Records shown:
-.-.-

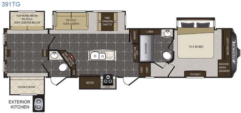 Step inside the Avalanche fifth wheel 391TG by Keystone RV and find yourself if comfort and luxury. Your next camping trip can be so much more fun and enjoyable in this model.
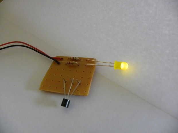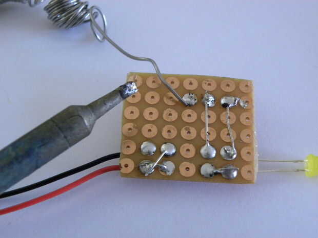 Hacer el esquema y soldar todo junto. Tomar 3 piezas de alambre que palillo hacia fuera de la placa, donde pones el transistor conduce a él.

-.-.-

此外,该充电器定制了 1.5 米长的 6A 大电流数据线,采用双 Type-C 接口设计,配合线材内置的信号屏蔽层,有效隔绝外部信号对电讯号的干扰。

-.-.-

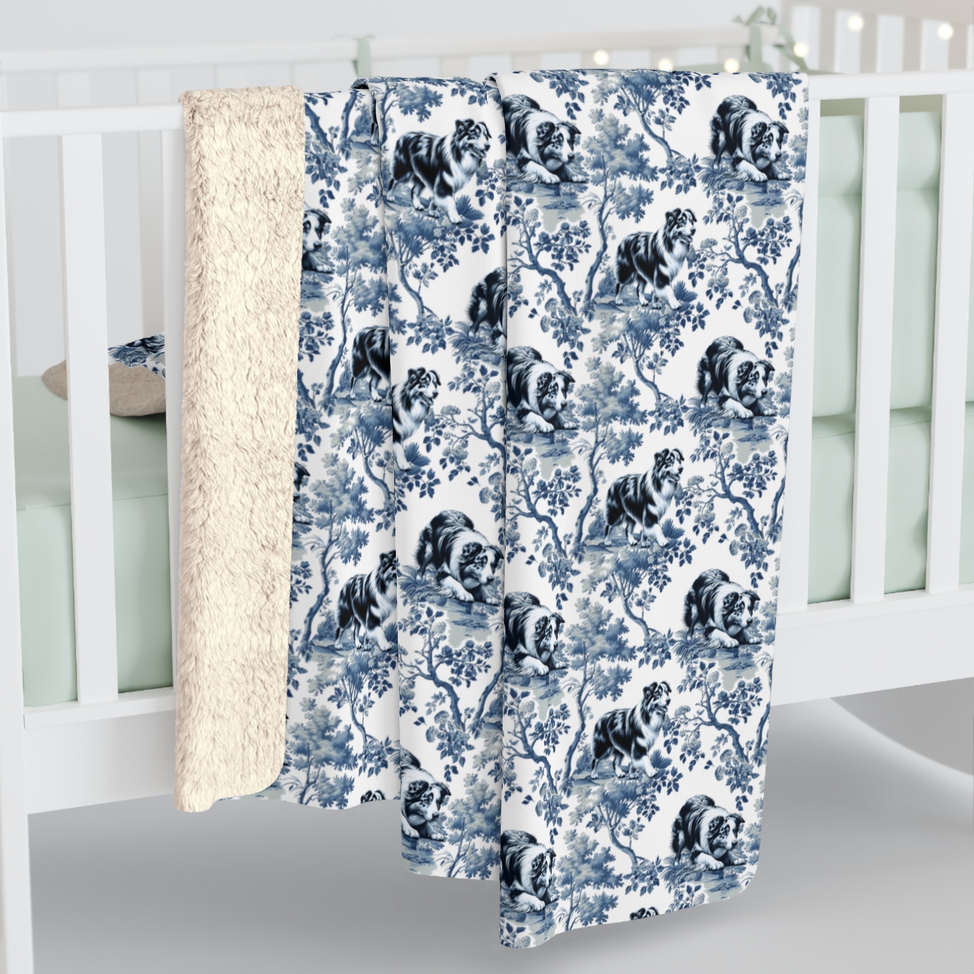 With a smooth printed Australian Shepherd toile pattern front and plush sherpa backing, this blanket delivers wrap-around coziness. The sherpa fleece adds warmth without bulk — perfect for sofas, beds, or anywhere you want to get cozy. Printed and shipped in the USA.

-.-.-

Work to complete: Only the lines above starting with the line with "Step inside the" and going on through the line with "Hacer el esquema" belong in the answer; repeat them exactly, minus any picture.

Task response:
 Step inside the Avalanche fifth wheel 391TG by Keystone RV and find yourself if comfort and luxury. Your next camping trip can be so much more fun and enjoyable in this model.
 Hacer el esquema y soldar todo junto. Tomar 3 piezas de alambre que palillo hacia fuera de la placa, donde pones el transistor conduce a él.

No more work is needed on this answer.